Open loretoparisi opened 6 years ago
Also, which command in fasttext corresponds to the positional-weighting?
I don't think this is implemented in the publicly available codebase.
@matanster you are right, it is not, at least not yet, while the most two recent papers show models that has been trained FastText with position dependent weights.
Do you know if there are any updates of positional-weighting in fasttext base code?
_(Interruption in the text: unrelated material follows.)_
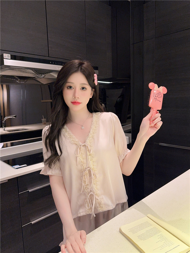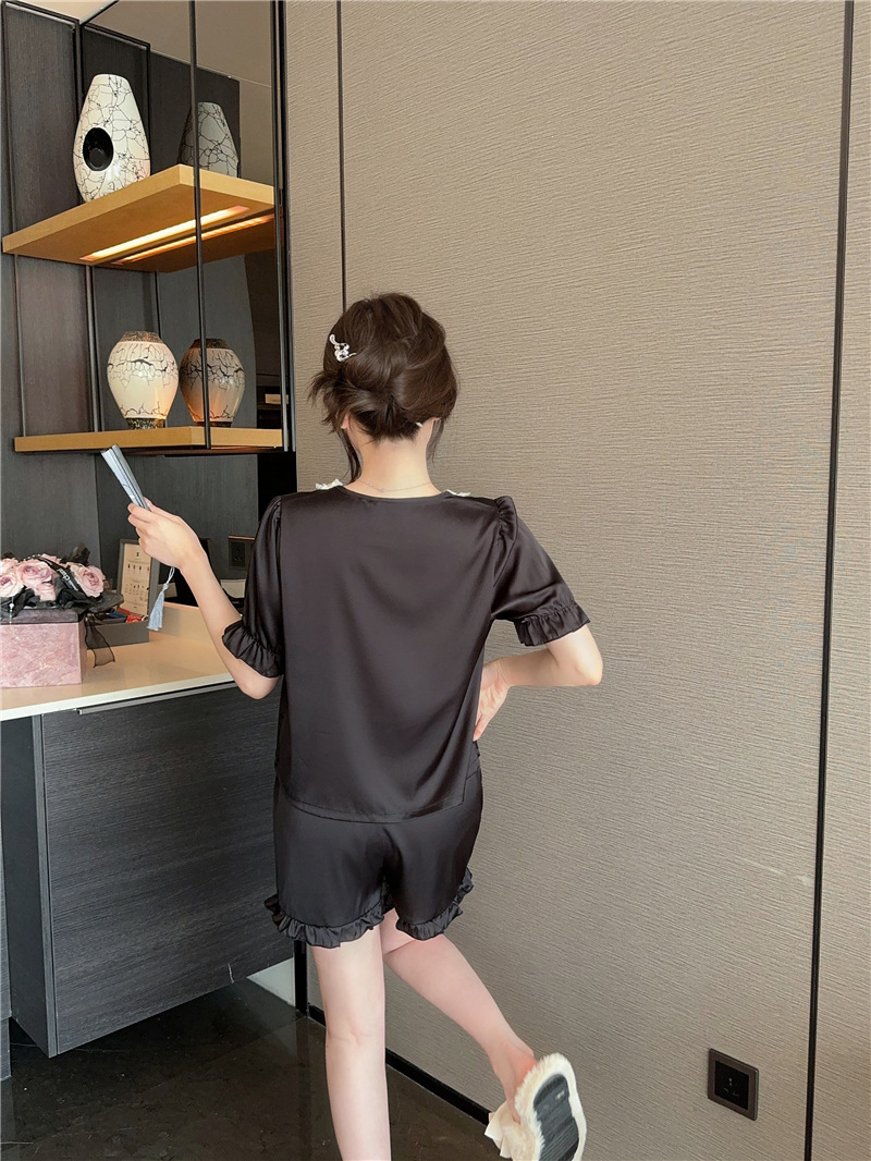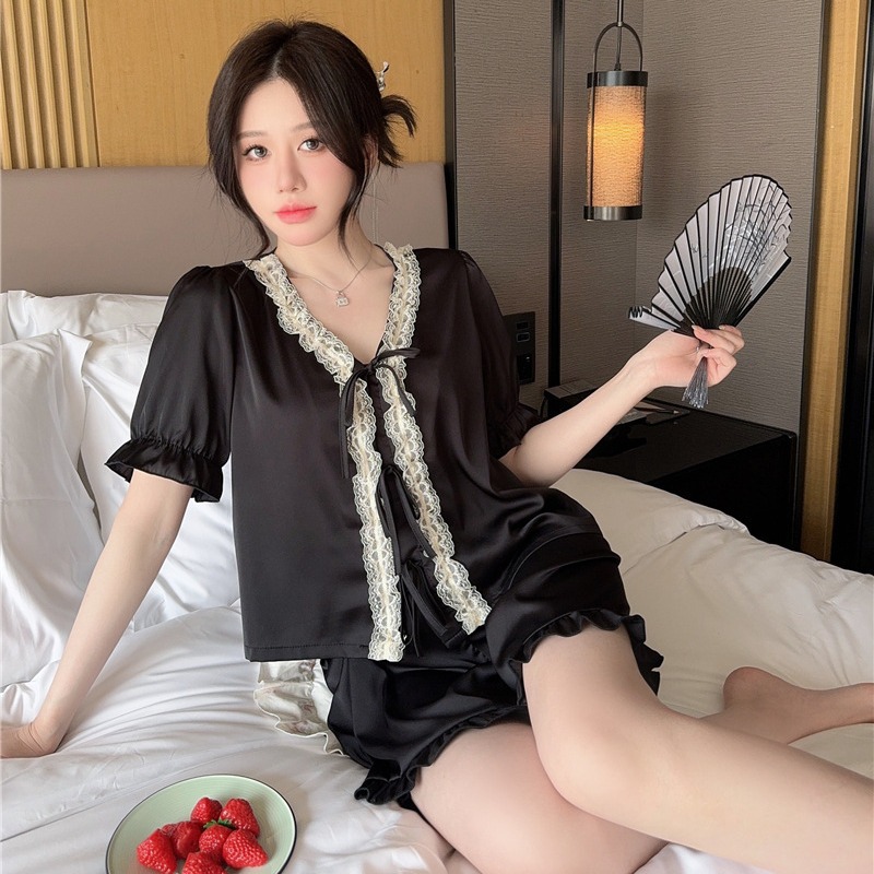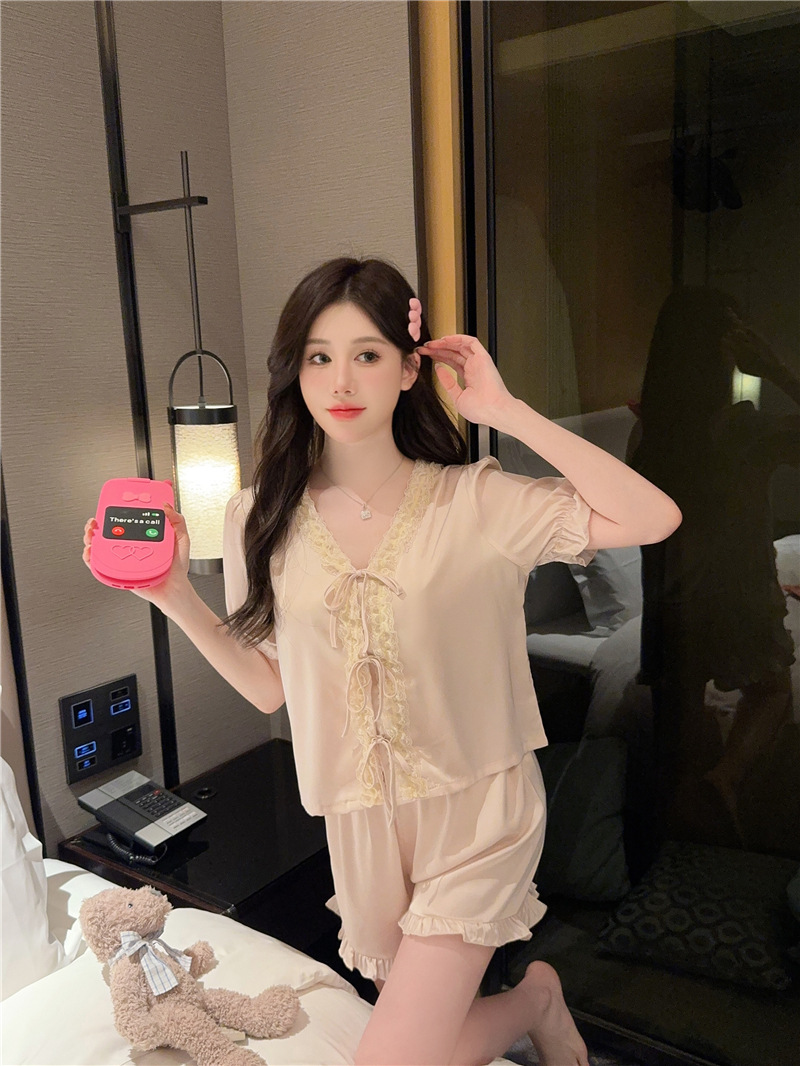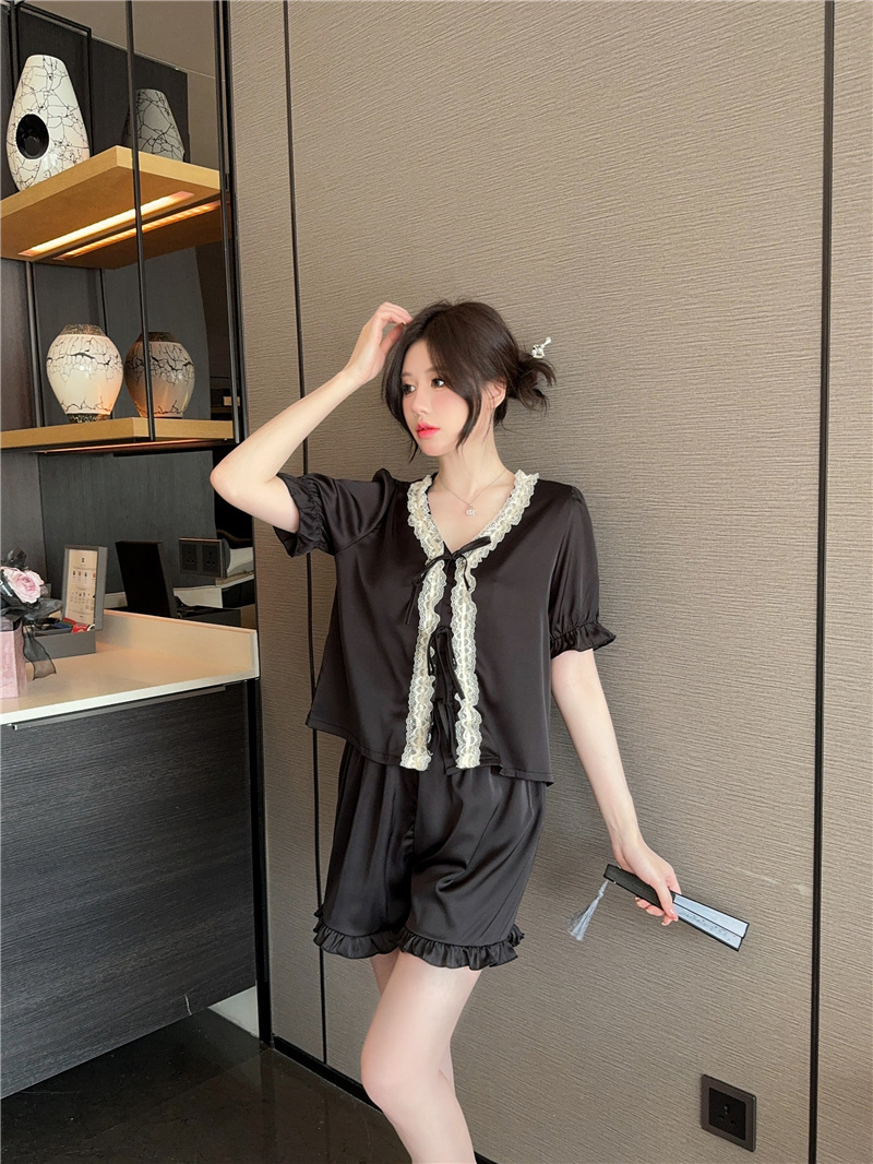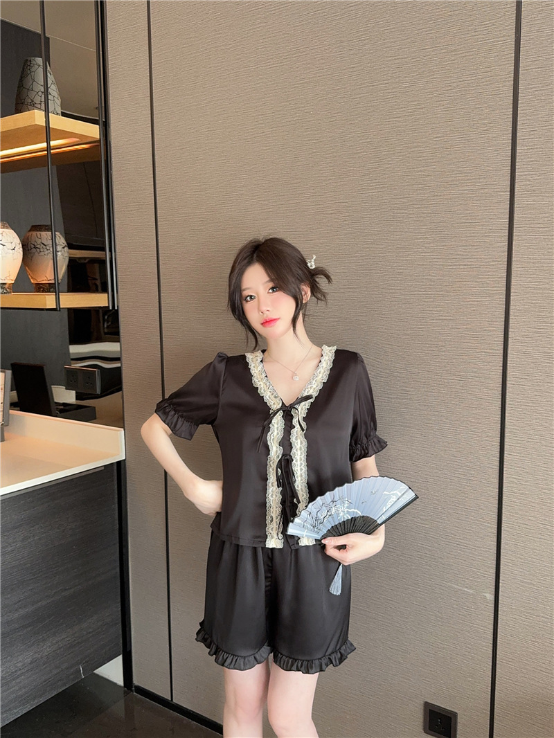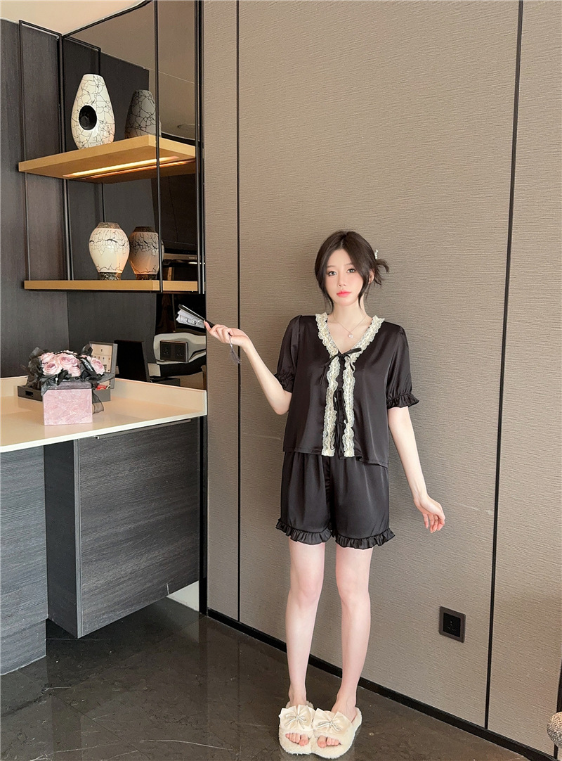 클리어런스 세일, 우아한 아이스 실크 리본 레이스 프릴 반팔 반바지 달콤한 홈웨어 잠옷 세트 여성용스토어 가기

@omriFdna so far I'm not aware of a version that implements the positional weights bow, but I will have a look maybe someone did...
@loretoparisi any luck?
@omriFdna not yet so far :
A dataset with position weights trained with CBOW has been recently released for Wikipedia and Common Crawl - https://fasttext.cc/docs/en/crawl-vectors.html
The model parameters were:
DIM | NGRAM | WS | NEG |
---|---|---|---|
300 | 5 | 5 | 10 |
It would be great to have this as training option as well.
I agree, they also report in their papers that position weights improves the performance, I wish it was part of the training options.
+1
On Thu, Oct 11, 2018 at 2:58 AM Omri notifications@github.com wrote:
I agree, they also report in their papers that position weights improves the performance, I wish it was part of the training options.
— You are receiving this because you are subscribed to this thread. Reply to this email directly, view it on GitHub https://github.com/facebookresearch/fastText/issues/445#issuecomment-428842667, or mute the thread https://github.com/notifications/unsubscribe-auth/AHUWqNswFJkmbxOlBP3L8vJjmMogNTYlks5ujuv9gaJpZM4STDKV .
I am attempting to add this feature to Gensim, see https://github.com/RaRe-Technologies/gensim/pull/2905.
The work from https://github.com/RaRe-Technologies/gensim/pull/2905 has been accepted as a journal paper that is to appear in J.UCS 28:2. To conduct experiments for the paper, I have produced the high-level PInE library that uses a fork of Gensim 3.8.3 for model training. Perhaps the PInE library can serve as an inspiration for an implementation to facebook's fastText and to current Gensim. 💡
As for the recent paper "Learning Word Vectors for 157 Languages", the model CBOW is used with position dependent weights. Using that the new pre-trained model were produced. Is it possible to train a unsupervised model with CBOW in this version of fastText using the same approach with position weights?